I had a problem with JBoss 7.0, and I think this filter solution also works with Tomcat:
public void doFilter(ServletRequest request, ServletResponse response, FilterChain chain) throws IOException, ServletException {
HttpServletRequest httpRequest = (HttpServletRequest) request;
HttpServletResponse httpResponse = (HttpServletResponse) response;
try {
httpRequest.setCharacterEncoding(MyAppConfig.getAppSetting("System.Character.Encoding"));
String appServer = MyAppConfig.getAppSetting("System.AppServer");
if(appServer.equalsIgnoreCase("JBOSS7")) {
Field requestField = httpRequest.getClass().getDeclaredField("request");
requestField.setAccessible(true);
Object requestValue = requestField.get(httpRequest);
Field coyoteRequestField = requestValue.getClass().getDeclaredField("coyoteRequest");
coyoteRequestField.setAccessible(true);
Object coyoteRequestValue = coyoteRequestField.get(requestValue);
Method getParameters = coyoteRequestValue.getClass().getMethod("getParameters");
Object parameters = getParameters.invoke(coyoteRequestValue);
Method setQueryStringEncoding = parameters.getClass().getMethod("setQueryStringEncoding", String.class);
setQueryStringEncoding.invoke(parameters, MyAppConfig.getAppSetting("System.Character.Encoding"));
Method setEncoding = parameters.getClass().getMethod("setEncoding", String.class);
setEncoding.invoke(parameters, MyAppConfig.getAppSetting("System.Character.Encoding"));
}
} catch (NoSuchMethodException nsme) {
System.err.println(nsme.getLocalizedMessage());
nsme.printStackTrace();
MyLogger.logException(nsme);
} catch (InvocationTargetException ite) {
System.err.println(ite.getLocalizedMessage());
ite.printStackTrace();
MyLogger.logException(ite);
} catch (IllegalAccessException iae) {
System.err.println(iae.getLocalizedMessage());
iae.printStackTrace();
MyLogger.logException(iae);
} catch(Exception e) {
TALogger.logException(e);
}
try {
httpResponse.setCharacterEncoding(MyAppConfig.getAppSetting("System.Character.Encoding"));
} catch(Exception e) {
MyLogger.logException(e);
}
}
I did quite a bit of searching on this issue so this might help others who are experiencing the same problem on tomcat. This is taken from http://wiki.apache.org/tomcat/FAQ/CharacterEncoding.

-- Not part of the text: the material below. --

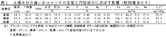 | [キーワード] | コマツナ、ミネラル、含有率、季節、土壌水分、温度 |
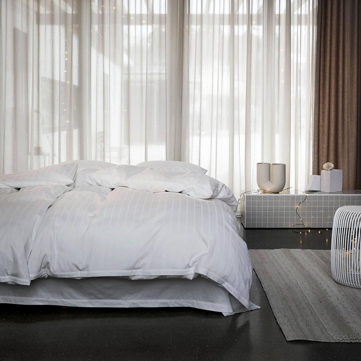 Dette hvide Høie-sengesæt fra serien “Milano” er lavet af 100% bomuldssatin, som giver en blød og behagelig fornemmelse. Sengetøjet har diskrete striber også i hvid, som giver en fint og elegant spil i designet. Sengesættet er desuden også dobbeltvævet, som giver effekt mellem de glatte og matte overflader. Milano-sengesættet er Oeko-Tex-certificeret og er behandlet med ”Easy Care”, hvilket gør, at sættet krøller mindre.

(How to use UTF-8 everywhere).
Set URIEncoding="UTF-8" on your <Connector> in server.xml. References: HTTP Connector, AJP Connector.
Use a character encoding filter with the default encoding set to UTF-8
Change all your JSPs to include charset name in their contentType.
For example, use <%#page contentType="text/html; charset=UTF-8" %> for the usual JSP pages and <jsp:directive.page contentType="text/html; charset=UTF-8" /> for the pages in XML syntax (aka JSP Documents).
Change all your servlets to set the content type for responses and to include charset name in the content type to be UTF-8.
Use response.setContentType("text/html; charset=UTF-8") or response.setCharacterEncoding("UTF-8").
Change any content-generation libraries you use (Velocity, Freemarker, etc.) to use UTF-8 and to specify UTF-8 in the content type of the responses that they generate.
Disable any valves or filters that may read request parameters before your character encoding filter or jsp page has a chance to set the encoding to UTF-8.